The technical implementation of this vulnerability stems from improper bounds checking within the buffer management logic of the MLIR converter component. When processing padding operations for neural network computations, the system fails to validate array indices against allocated buffer boundaries, allowing malicious input data to access memory regions beyond the intended buffer limits. This condition creates a classic heap buffer overflow scenario where adjacent memory locations can be read or potentially overwritten, providing attackers with opportunities to execute arbitrary code with system privileges. The flaw operates within the Android Neural Networks API framework, specifically affecting devices that utilize the darwinn inference engine for machine learning workloads.

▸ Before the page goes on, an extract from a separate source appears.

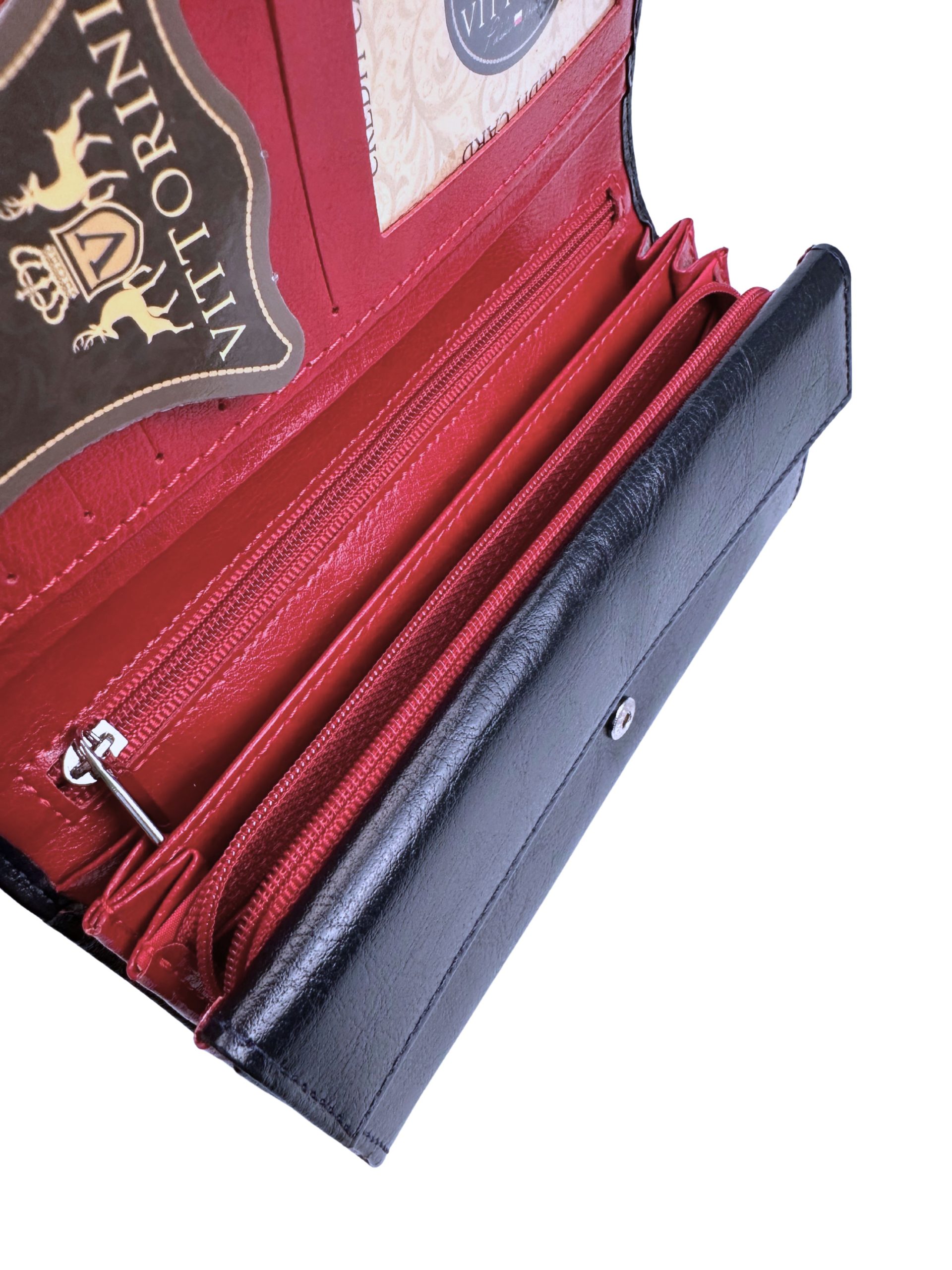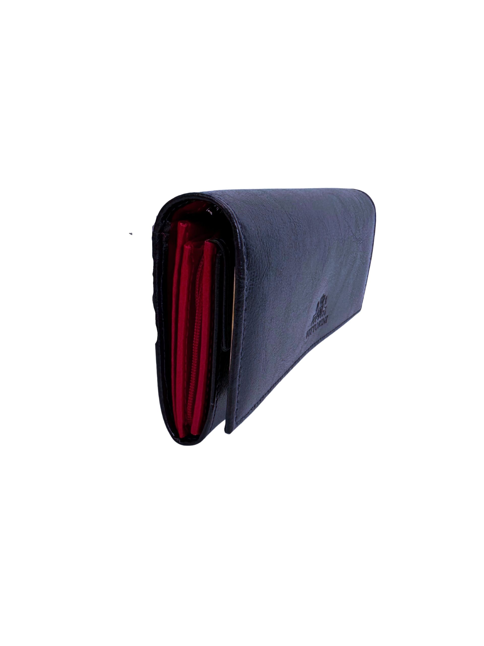 Portfel Vittorini to doskonałe połączenie elegancji, funkcjonalności i starannego wykonania. Klasyczna kolorystyka, głęboki granat zestawiony z czerwonym wnętrzem sprawia, że model prezentuje się wyjątkowo stylowo i ponadczasowo.

The operational impact of CVE-2023-35655 extends beyond simple memory corruption as it enables local privilege escalation attacks that can compromise the entire system. Attackers exploiting this vulnerability can leverage the heap buffer overflow to execute code with system-level privileges, potentially gaining access to sensitive system resources, modifying critical system files, or establishing persistent backdoors. The lack of user interaction requirement makes this vulnerability particularly dangerous as it can be exploited automatically without any user involvement, allowing for silent compromise of devices. This type of vulnerability directly maps to CWE-125 Out-of-bounds Read and CWE-787 Out-of-bounds Write, representing fundamental memory safety issues that can be leveraged for privilege escalation attacks.
Security professionals should consider this vulnerability in relation to the ATT&CK framework's privilege escalation tactics, specifically focusing on the use of system-level exploits and memory corruption techniques. The vulnerability aligns with techniques such as T1068 Exploitation for Privilege Escalation and T1059 Command and Scripting Interpreter, as exploitation requires leveraging the system's own execution mechanisms to achieve elevated privileges. Organizations should prioritize patching this vulnerability through official Android security updates, as the affected darwinn_mlir_converter_aidl.cc component represents a core system component that handles neural network operations across various Android devices. The mitigation strategy should include immediate deployment of security patches and monitoring for potential exploitation attempts, particularly in environments where Android devices handle sensitive data processing tasks.